Negative data generated for compounds already on the market also get widely publicized. Sutent is a Pfizer drug with excellent efficacy against gastrointestinal stromal tumors (GIST), renal cell carcinoma (RCC) and pancreatic neuroendocrine cancerous tumors. But it has also been studied unsuccessfully in prostate cancer, liver cancer and breast cancer. All of these failures received as extensive press as occurred with the successes.
Be assured that there have been a lot of notable recent successes with new drugs discovered by the pharma industry. So, why am I dwelling on the negative? I recently attended Dr. Ben Goldacre’s talk at the New York City Skeptics Society, where he expressed his concern about pharma companies hiding negative trial data. I fear that the audience left that session with the view that the pharma industry does all it can to hide negative data and touts only positive studies.
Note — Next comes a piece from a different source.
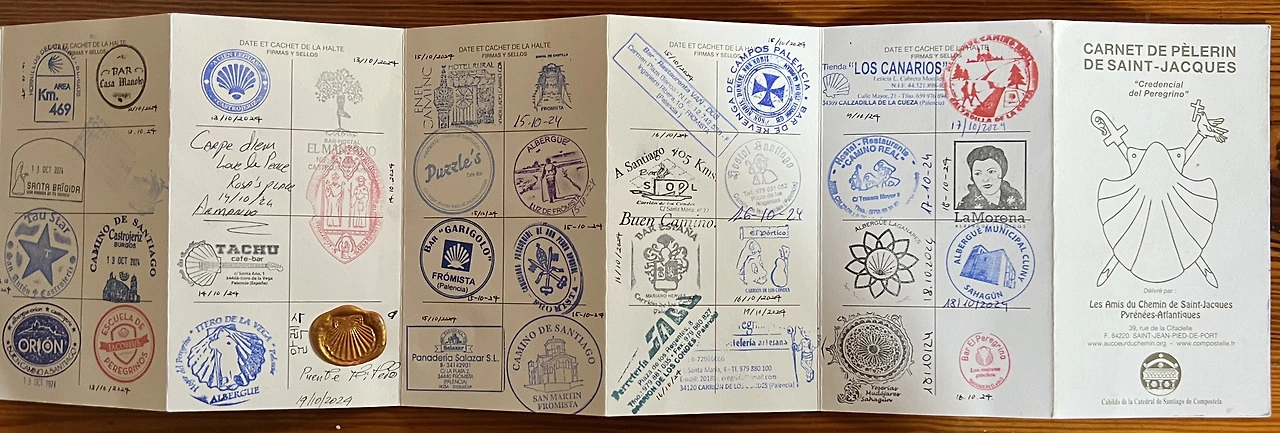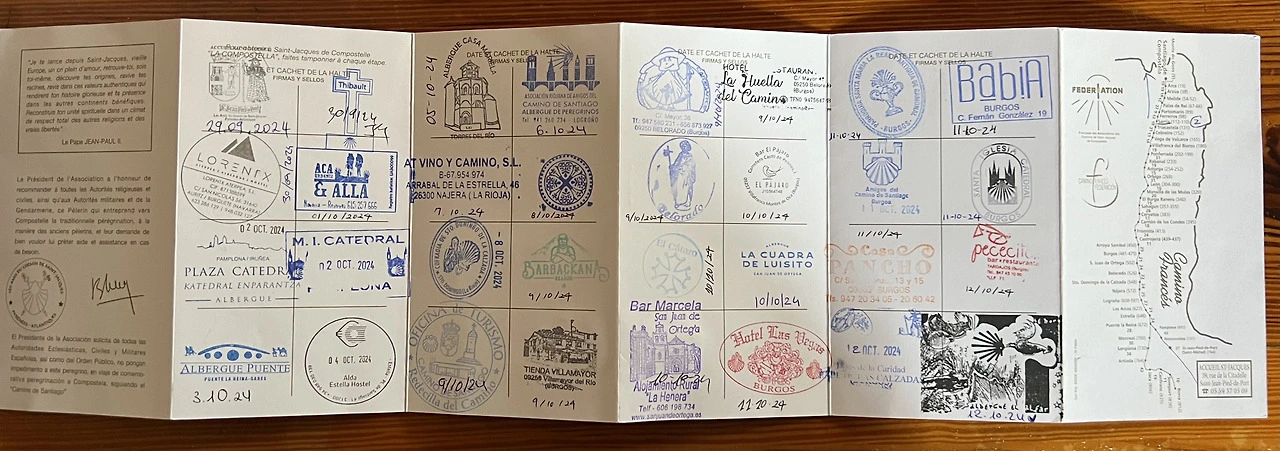 돌아오는 길 마을을 둘러 마트에도 들렀다. 사과 등 간식거리를 샀다. 곧장 알베르게로 향하지 않고 골목을 더 구경했다. 적당한 Bar로 들어가 늦은 점심과 함께 맥주도 한 잔 마셨다. 여기서 받은 세요(sello)를 마지막으로 어느덧 생장에서 받은 순례자 여권(Credential)의 빈칸이 꽉 찼다. 걸은 지 10일쯤 지난 벨로라도(Belorado)에서부터 열심히 찍기 시작해 이렇게 채워졌다. 처음부터 부지런히 찍지 못한 것이 못내 좀 아쉽긴 했다. 생장의 첫 숙소에서는 아예 세요(sello)를 받을 생각조차 못했다. (그러고 보니 그 알베르게의 주인장은 왜 물어보지도 않았을까. 보통은 체크인 시 순례자 여권부터 보여달라고 한다.) 중간 증명서에 더해 꽉 찬 크리덴셜까지, 뭔가 뿌듯한 기분이 들었다. 이제 새로운 순례자 여권(Credential)을 채워 나갈 차례다. 그건 부르고스(Burgos)에서 진작에 사 두었다.

Given the scrutiny that the industry now undergoes by regulatory agencies, patient advocacy groups, physicians, Wall Street analysts and the media, hiding negative trial data is next to impossible.
This does not address Dr. Goldacre’s concern that the industry has not been compliant with posting all trial results on ClinicalTrials.gov in a timely fashion, something that I recently addressed. However, the high visibility of the pharmaceutical industry and genuine public interest in new medicines to treat diseases like AD, cancer, osteoporosis, etc., all have led to results of clinical trials now being very public, regardless of whether they are positive or negative. It’s pretty hard to hide things anymore.
Dr. John LaMattina is a senior partner at PureTech Ventures, author of Devalued and Distrusted: Can the Pharmaceutical Industry Restore its Broken Image? and the former president of Pfizer Global R&D, where he managed more than 13,000 scientists & professionals worldwide. This piece is adapted from Dr. LaMattina’s blog on forbes.com.